Entre el año que se acaba de ir y el que recién comienza, convergen las lecciones del trecho andado con ánimos de renovación en el futuro inmediato. En este cruce de caminos ocurre un proceso natural de valoración de errores y aciertos, que reproduce el varias veces milenario anhelo de mejorar la vida y la convivencia social. Ante el innegable y profundo deterioro de la política mundial, las fechas son propicias para desechar lo adjetivo (unilateralismo-guerra) y abrazar lo sustantivo (multilateralismo-paz); para abrir la puerta a lo que permanece porque es edificante y virtuoso.
Parece también obligado hacer una alto para valorar, con ojo académico, la actualidad de conceptos cuyo significado ha cambiado y que, no obstante, se utilizan de forma acrítica como parte del lenguaje asertivo de las relaciones internacionales. Así ocurre, entre otros, con independencia, soberanía, multilateralismo, cooperación, y por supuesto, derecho, paz y seguridad. La propuesta es compleja porque tal valoración se enmarca en una transformación inconclusa y peligrosa, donde los usos y abusos del poder acentúan las tensiones derivadas de una globalización ineficaz y de la crisis de legitimidad que paraliza a la Organización de las Naciones Unidas.
El problema es estructural. De ahí que, para remontar insuficiencias económicas y rezagos sociales, los estados deban fraguar acuerdos políticos sustentados en un pragmatismo edificante y no, como ocurre, en el despliegue de destrezas depredadoras. Dicho en otras palabras, la responsabilidad con el presente puede abonar al desarrollo sostenible y estimular la construcción de compromisos que abracen y no excluyan; que reconozcan al planeta como patrimonio común de la humanidad y no como teatro de luchas ideológicas y competencias hegemónicas irreductibes.
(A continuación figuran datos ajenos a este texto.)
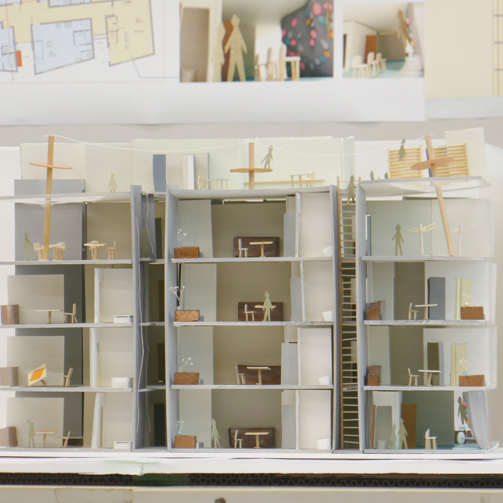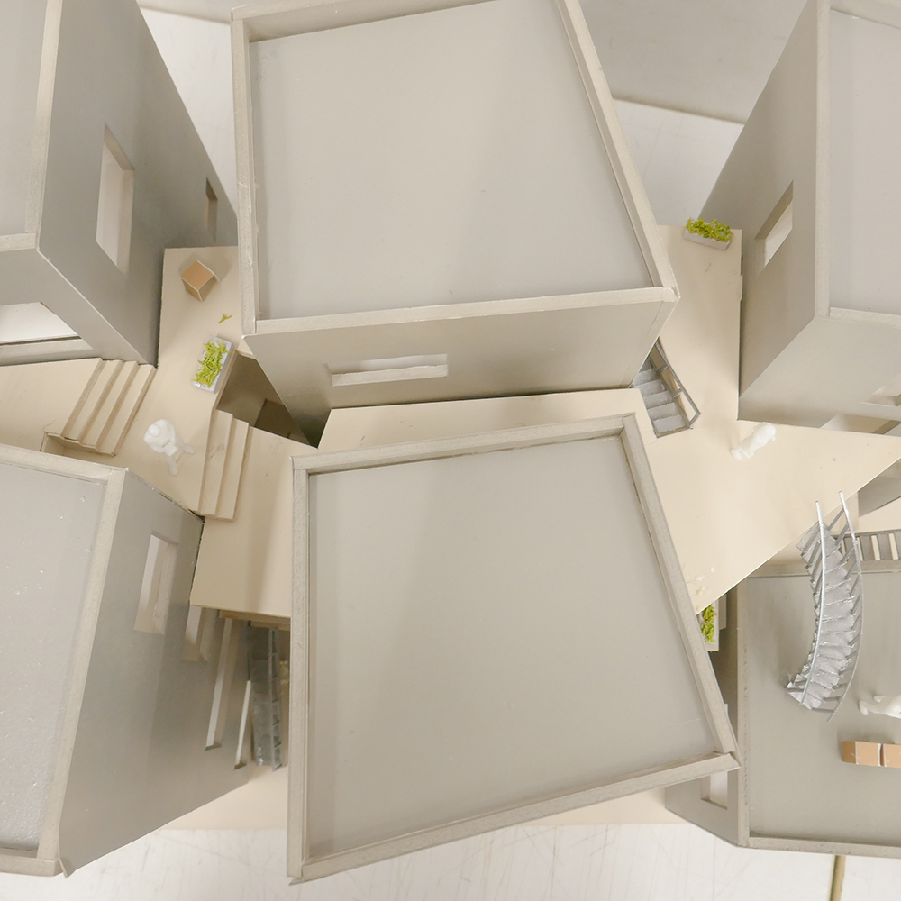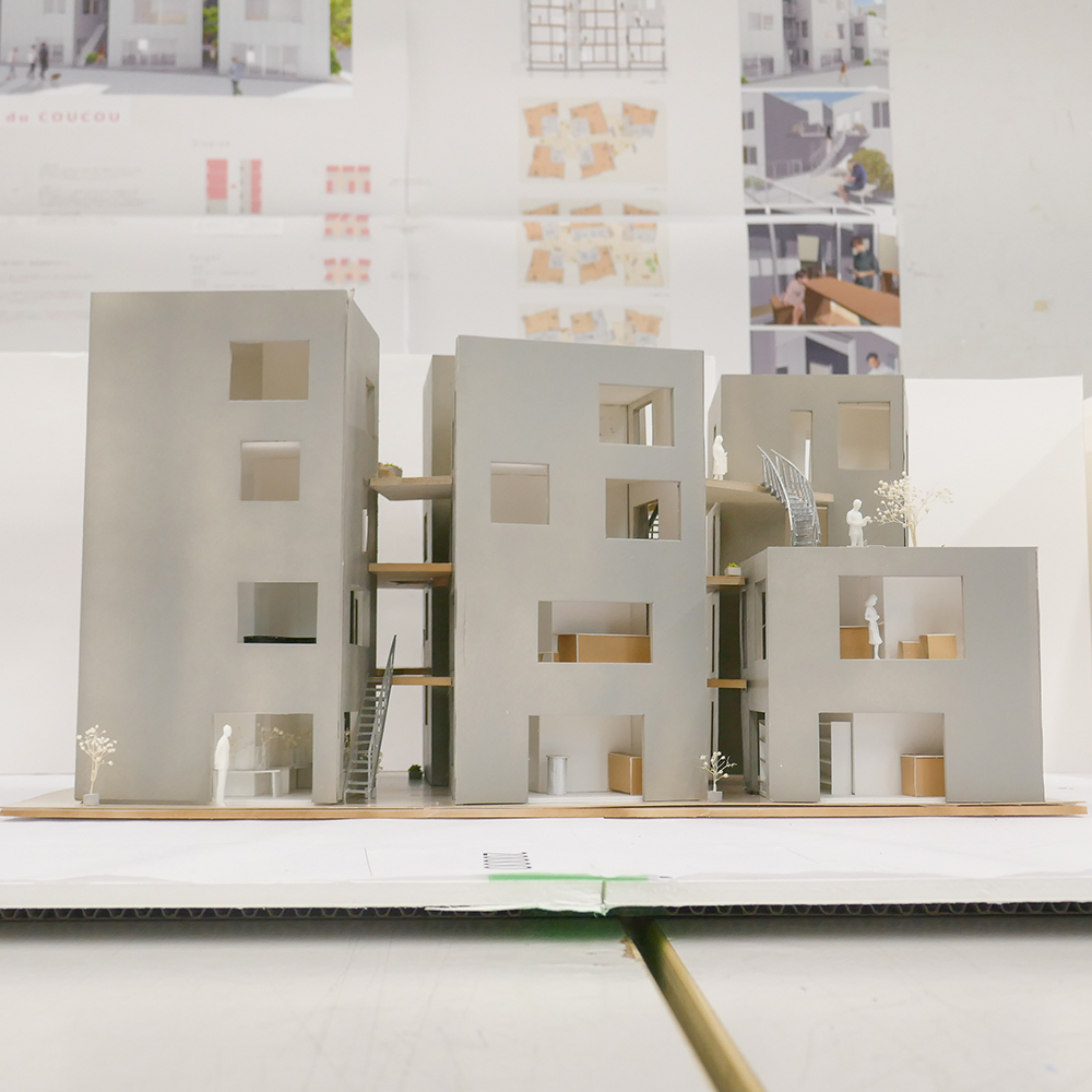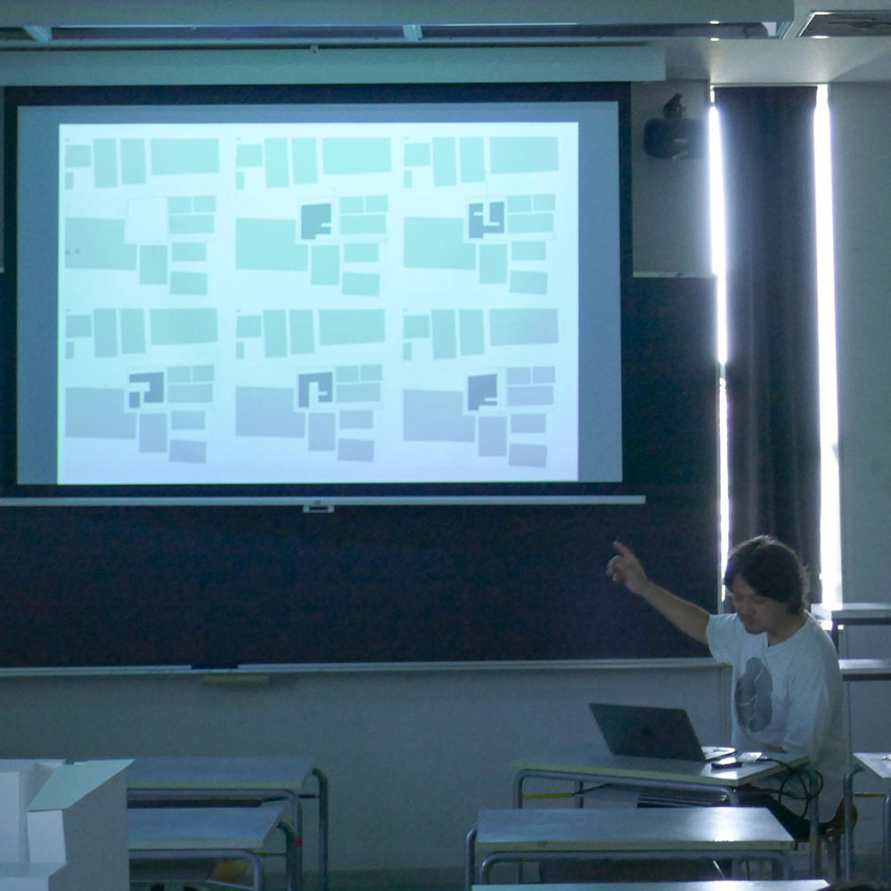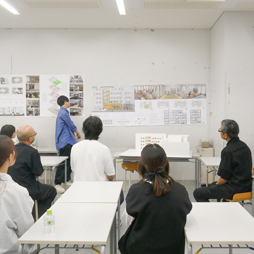 7月28日(月)昼間部3年生の「住環境デザインⅢA」(小山光先生)の授業では、ゲストで建築家の川辺直哉さん(https://www.kawabe-office.com/)と大松俊紀先生(分野責任者)にお越し頂き、最終講評が行われました。

En esta perspectiva y porque van a contrapelo del diálogo intercultural y de la tolerancia entre los pueblos, flaco favor le hacen a la causa de la paz las narrativas xenófobas y nacionalistas. Ahora que la sociedad civil enarbola causas que cuestionan gobiernos y aparatos estatales, el dogmatismo debe mutar por tolerancia y la intransigencia por justicia y democracia.
Los desafíos son inmensos y complejos. A manera de ejemplo, las nuevas tecnologías facilitan comunicaciones y acercan geografías, pero igualmente son una insólita forma de poder que estimula el armamentismo y pervierte la tesis que aboga por la ciencia que suma para beneficio de la humanidad. Entre Oriente y Occidente, entre el Norte y el Sur globales, son crecientes las disparidades y divergencias y muy precarios los espacios para la esperanza y la cohesión.
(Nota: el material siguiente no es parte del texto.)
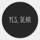 This design showcases a charming phrase, Yes Dear, exuding warmth and affection. A delightful addition to your collection, it encapsulates the spirit of love and compromise.
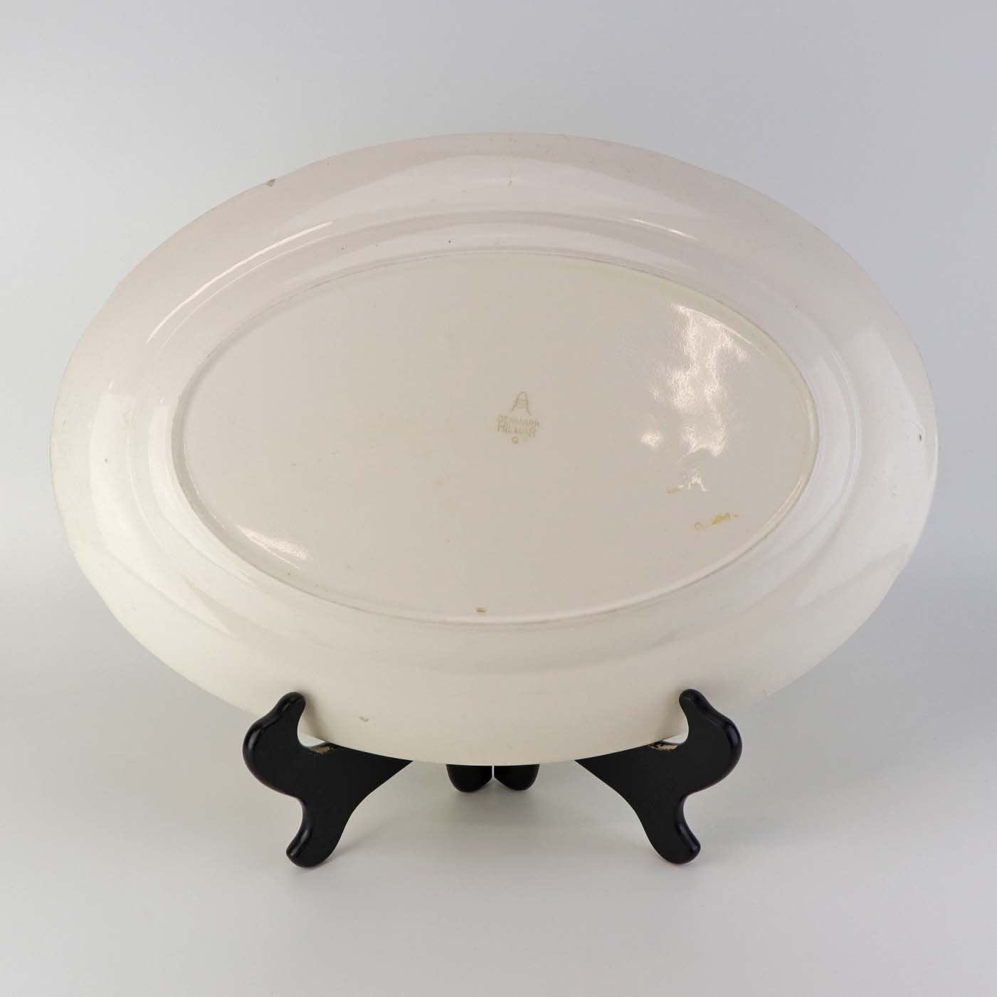 Stort ovalt serveringsfad fra stellet Hilmar, som blev fremstillet i perioden 1940-1954 Producent Aluminia
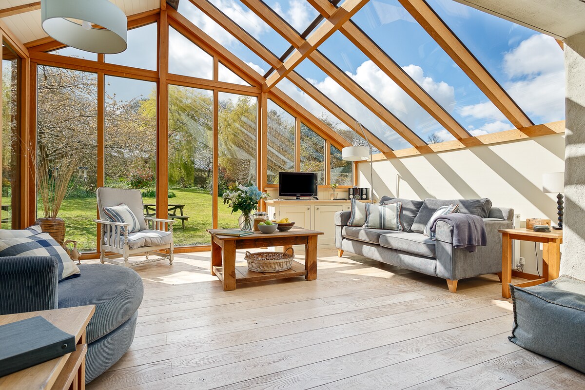Безупречно оформленное жилье в колониальном стиле с дровяной печью, гидромассажной ванной и террасой. Отличное место для пар, 2 пар или семей (гибкая конфигурация кроватей в 2 спальнях с ванными комнатами (2 с двуспальными кроватями размера King size или 1 с кроватью размера King size + 2 односпальные кровати). Идиллическое и спокойное загородное место, но удобно расположенное для пляжей, ручьев, Университета Фалмута, прогулок по сельской местности, объектов National Trust и отличных мест, где можно поесть и выпить. Идеальное место, чтобы сбежать, расслабиться и насладиться Корнуоллом!

Si se habla de las grandes religiones, los problemas no son menores y se multiplican ante ortodoxias y dogmatismos irreductibles, que aspiran a monopolizar la idea de lo divino. En cualquier caso, ante el inquietante estado de cosas, la reforma de la ONU es una prioridad que obsequia el capital político requerido para revertir la anarquía y crear un nuevo orden a través de la renegociación de sus acuerdos fundacionales. Para ello, en este año que inicia, convendrá a los gobiernos conducirse con prudencia diplomática y la mirada puesta en el porvenir. Mis lectores dirán que soy un soñador y, en efecto, parafraseando a John Lenon, no soy el único sino uno más de los que anhelamos que todas las personas nos unamos para que el mundo viva como uno solo y sea mejor. Feliz Año Nuevo 2025.
El autor es internacionalista y Doctor en Ciencias Políticas.